Creating the streams

To test the compression efficiency, we create two streams with NATS CLI with the exact same configuration besides compression turned on/off.

nats stream add NO_COMPRESSION \
--subjects NO_COMPRESSION \
--replicas 1 \
--storage=file \
--defaults

nats stream add WITH_COMPRESSION \
--subjects WITH_COMPRESSION \
--replicas 1 \
--storage=file \
--compression s2 \
--defaults

Please note that you need at least version 0.1.0 of the NATS CLI, which is the first version that has the compression option.

Generating Test Data

To be able to compare the size of the two streams, we publish the same messages (32 bytes payload) to both of the streams with the help of the CLI. Then we take a look at the used storage with the help of du for both of the streams a few times after inserting a fixed amount of messages.

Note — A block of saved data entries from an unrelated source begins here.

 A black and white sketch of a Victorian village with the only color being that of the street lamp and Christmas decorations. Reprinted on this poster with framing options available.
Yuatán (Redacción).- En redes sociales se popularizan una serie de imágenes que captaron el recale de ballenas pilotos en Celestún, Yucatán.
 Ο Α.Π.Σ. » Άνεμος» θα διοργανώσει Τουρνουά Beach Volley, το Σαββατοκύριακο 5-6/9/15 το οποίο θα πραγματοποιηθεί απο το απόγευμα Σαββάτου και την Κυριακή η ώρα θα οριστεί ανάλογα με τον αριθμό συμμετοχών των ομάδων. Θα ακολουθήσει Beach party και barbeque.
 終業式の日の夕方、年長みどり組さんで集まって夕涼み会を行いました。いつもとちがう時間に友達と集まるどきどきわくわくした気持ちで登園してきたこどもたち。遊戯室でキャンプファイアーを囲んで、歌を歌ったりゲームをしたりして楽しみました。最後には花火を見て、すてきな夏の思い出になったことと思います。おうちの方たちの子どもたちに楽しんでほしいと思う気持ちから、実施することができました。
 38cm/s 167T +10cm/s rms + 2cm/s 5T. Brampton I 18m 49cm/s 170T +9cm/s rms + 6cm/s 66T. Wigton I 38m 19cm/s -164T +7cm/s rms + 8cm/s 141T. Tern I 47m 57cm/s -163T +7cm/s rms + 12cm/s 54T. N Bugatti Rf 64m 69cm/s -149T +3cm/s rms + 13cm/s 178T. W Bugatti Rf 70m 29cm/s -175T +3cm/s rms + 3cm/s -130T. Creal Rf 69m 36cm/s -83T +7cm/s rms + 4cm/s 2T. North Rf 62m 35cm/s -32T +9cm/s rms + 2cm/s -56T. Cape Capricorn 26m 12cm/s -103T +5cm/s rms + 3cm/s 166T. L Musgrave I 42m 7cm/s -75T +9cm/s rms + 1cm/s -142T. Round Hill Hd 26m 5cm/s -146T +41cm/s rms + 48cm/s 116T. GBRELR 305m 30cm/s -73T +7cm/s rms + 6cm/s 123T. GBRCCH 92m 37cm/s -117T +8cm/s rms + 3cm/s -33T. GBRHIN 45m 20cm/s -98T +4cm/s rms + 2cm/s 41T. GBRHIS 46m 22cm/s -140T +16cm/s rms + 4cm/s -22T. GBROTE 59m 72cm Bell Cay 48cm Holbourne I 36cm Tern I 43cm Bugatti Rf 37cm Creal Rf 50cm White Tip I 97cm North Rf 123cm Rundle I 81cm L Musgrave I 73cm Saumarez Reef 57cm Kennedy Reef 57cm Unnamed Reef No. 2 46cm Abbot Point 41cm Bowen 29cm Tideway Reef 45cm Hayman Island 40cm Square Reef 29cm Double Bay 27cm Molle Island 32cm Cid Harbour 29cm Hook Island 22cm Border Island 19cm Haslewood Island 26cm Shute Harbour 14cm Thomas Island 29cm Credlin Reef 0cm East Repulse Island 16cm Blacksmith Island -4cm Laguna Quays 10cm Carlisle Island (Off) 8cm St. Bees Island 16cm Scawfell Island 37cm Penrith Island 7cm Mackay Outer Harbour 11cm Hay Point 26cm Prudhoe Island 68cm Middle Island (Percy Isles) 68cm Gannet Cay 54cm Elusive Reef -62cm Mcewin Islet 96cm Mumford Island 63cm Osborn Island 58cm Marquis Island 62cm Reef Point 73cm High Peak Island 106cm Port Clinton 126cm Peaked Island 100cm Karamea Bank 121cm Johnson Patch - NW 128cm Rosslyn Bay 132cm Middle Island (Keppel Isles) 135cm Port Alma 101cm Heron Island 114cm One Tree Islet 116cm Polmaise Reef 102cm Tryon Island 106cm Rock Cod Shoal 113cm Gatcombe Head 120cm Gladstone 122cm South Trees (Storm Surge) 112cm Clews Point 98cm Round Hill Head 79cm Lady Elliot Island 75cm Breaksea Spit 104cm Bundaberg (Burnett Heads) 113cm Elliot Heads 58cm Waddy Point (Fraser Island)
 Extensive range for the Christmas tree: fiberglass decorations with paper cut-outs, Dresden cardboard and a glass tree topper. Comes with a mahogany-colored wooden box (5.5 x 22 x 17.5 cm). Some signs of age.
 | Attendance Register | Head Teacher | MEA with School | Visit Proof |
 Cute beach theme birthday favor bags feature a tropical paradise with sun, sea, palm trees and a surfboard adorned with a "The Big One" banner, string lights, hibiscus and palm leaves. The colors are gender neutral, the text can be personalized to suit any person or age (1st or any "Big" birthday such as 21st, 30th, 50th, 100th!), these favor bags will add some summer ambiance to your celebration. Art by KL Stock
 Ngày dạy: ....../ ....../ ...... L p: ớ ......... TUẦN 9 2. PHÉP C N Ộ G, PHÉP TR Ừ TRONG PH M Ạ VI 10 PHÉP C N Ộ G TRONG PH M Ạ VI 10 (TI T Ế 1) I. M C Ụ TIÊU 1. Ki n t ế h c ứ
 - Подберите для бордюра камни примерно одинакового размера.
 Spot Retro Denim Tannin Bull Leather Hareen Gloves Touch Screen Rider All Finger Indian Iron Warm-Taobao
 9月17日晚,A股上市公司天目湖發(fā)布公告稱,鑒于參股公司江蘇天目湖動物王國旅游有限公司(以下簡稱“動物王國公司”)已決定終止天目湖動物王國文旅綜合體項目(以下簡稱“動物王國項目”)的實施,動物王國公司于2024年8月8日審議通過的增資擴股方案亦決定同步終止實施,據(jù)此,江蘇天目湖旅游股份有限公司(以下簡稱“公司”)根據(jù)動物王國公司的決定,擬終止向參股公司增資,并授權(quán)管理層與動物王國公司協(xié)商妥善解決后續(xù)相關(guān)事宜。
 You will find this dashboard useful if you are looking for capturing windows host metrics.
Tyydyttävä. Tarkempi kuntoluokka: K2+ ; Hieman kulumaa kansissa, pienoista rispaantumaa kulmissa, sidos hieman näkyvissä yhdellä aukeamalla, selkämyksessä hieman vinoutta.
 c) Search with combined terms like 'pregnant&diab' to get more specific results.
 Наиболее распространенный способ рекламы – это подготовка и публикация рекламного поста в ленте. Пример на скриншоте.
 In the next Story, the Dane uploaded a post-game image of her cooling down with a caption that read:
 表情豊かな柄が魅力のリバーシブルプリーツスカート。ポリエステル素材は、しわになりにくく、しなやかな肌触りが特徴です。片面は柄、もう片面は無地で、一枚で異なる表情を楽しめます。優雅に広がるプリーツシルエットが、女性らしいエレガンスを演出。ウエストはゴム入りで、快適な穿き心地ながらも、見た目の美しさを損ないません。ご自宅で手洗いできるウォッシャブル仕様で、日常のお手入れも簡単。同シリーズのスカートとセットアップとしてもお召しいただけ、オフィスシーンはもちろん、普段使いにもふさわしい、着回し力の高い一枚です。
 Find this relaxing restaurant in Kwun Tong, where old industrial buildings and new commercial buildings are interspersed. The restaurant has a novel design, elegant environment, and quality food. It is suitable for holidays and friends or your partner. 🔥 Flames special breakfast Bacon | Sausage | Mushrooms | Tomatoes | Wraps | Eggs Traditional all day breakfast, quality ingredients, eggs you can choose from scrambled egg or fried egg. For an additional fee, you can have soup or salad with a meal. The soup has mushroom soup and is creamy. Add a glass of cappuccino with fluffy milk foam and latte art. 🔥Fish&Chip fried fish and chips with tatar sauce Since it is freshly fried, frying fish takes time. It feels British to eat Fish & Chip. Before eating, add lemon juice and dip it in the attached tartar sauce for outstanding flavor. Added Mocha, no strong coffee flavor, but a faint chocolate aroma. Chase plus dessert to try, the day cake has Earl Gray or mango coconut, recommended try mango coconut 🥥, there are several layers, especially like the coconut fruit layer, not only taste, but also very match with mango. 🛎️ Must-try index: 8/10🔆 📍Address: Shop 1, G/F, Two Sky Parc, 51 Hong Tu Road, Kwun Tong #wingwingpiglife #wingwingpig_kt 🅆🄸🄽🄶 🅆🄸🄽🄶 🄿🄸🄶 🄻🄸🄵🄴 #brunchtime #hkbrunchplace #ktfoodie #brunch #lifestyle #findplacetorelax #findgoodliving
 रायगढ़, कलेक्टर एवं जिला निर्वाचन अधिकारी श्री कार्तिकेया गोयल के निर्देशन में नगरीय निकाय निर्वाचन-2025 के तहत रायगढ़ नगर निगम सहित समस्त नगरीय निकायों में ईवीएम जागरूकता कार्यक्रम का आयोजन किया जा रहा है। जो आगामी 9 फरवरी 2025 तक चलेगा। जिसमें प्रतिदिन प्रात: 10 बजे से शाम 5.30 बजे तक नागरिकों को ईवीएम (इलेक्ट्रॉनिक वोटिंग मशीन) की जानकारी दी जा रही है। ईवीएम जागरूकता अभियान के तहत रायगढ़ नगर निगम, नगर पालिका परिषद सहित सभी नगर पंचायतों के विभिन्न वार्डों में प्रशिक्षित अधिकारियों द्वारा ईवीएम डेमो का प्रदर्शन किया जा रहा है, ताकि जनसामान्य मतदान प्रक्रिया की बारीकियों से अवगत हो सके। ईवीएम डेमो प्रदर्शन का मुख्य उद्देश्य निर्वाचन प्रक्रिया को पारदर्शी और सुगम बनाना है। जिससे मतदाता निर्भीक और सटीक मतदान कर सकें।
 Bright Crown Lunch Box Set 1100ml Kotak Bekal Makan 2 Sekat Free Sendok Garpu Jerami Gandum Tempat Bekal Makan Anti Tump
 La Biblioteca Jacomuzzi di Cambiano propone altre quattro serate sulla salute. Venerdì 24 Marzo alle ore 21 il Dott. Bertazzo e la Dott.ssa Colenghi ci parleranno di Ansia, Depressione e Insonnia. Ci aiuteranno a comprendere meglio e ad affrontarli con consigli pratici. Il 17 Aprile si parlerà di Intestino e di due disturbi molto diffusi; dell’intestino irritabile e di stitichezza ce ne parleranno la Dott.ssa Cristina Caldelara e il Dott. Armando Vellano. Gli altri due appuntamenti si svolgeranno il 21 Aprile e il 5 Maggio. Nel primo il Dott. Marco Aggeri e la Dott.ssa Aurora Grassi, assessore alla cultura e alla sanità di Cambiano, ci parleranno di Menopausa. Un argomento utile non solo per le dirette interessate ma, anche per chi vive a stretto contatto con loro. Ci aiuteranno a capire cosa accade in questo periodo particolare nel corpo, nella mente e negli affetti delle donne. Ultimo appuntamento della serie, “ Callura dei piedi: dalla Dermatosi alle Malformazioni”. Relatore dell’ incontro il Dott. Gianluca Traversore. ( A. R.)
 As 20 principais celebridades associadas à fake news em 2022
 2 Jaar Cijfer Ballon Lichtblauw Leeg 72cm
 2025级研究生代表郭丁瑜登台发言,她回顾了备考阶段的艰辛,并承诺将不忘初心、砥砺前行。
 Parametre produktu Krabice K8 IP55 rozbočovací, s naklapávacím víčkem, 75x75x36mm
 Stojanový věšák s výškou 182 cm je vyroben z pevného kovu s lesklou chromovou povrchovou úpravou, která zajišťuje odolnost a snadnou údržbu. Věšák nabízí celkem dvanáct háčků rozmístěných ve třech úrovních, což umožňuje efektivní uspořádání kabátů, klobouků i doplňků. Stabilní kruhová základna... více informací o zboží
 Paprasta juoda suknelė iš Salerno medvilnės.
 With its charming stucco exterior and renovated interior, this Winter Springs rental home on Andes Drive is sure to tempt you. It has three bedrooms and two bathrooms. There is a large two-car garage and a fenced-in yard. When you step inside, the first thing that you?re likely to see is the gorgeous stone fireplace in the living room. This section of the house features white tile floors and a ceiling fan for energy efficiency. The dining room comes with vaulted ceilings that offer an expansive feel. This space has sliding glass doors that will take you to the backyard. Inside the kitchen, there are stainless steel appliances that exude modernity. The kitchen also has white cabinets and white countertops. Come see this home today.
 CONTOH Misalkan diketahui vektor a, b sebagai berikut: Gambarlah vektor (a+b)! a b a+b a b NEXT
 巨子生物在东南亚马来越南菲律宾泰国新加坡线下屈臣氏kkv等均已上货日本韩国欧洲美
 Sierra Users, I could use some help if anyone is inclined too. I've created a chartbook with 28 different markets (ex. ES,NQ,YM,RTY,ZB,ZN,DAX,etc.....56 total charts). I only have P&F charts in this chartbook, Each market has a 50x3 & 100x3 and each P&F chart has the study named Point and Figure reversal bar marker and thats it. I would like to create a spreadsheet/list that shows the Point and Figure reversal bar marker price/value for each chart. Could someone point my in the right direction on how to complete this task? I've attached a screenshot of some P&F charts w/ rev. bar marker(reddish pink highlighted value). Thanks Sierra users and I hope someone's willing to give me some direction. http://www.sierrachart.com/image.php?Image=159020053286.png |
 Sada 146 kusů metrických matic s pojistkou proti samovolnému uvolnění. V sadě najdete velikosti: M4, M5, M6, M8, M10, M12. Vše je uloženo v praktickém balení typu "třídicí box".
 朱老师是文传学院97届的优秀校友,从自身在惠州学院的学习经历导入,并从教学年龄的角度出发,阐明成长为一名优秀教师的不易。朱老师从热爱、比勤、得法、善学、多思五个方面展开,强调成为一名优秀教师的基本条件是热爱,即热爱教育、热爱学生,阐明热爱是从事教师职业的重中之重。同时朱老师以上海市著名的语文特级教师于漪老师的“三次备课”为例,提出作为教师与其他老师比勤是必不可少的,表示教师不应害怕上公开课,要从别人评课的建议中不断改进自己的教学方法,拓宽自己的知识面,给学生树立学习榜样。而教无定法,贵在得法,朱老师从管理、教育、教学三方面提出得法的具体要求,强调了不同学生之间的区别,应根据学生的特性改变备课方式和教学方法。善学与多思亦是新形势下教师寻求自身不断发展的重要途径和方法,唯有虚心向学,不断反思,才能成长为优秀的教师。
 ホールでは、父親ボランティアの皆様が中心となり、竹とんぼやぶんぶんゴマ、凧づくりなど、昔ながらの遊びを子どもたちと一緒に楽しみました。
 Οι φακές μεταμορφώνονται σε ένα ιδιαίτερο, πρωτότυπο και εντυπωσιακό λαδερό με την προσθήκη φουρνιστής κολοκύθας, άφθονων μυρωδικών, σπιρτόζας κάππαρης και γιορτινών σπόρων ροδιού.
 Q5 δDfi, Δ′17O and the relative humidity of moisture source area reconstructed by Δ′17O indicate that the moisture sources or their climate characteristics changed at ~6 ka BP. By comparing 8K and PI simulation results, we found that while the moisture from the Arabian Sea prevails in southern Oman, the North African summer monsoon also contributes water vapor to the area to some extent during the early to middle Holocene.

nats pub NO_COMPRESSION --count 10000 "4KJZE2Nx6IbTsEo8lvGJIg1XDz2njdLF"
nats pub WITH_COMPRESSION --count 10000 "4KJZE2Nx6IbTsEo8lvGJIg1XDz2njdLF"

You can see my full script for generating the test data/results here.

Test Results

Stream Size Comparison

Saved Storage

We can see that in this test setup, we have no storage savings until ~100,000 messages. In fact, we have a slight storage overhead (which I don’t understand so far). After that amount of messages, the compression kicks in and brings us up to 86 % of storage savings. This behavior initially puzzled me as I looked at the results. After examining the inner workings of `nats-server“, it all became much clearer to me. If you want to understand the compression logic better, read the compression logic section in this blog post.

NATS CLI Stream Size

With nats stream info […] we are able to check the stream size via the CLI. When looking at the graph below, it’s interesting that the reported size of the compressed stream is slightly higher than the uncompressed stream. So the real disk space used is currently not available via the nats-server API when having compression turned on.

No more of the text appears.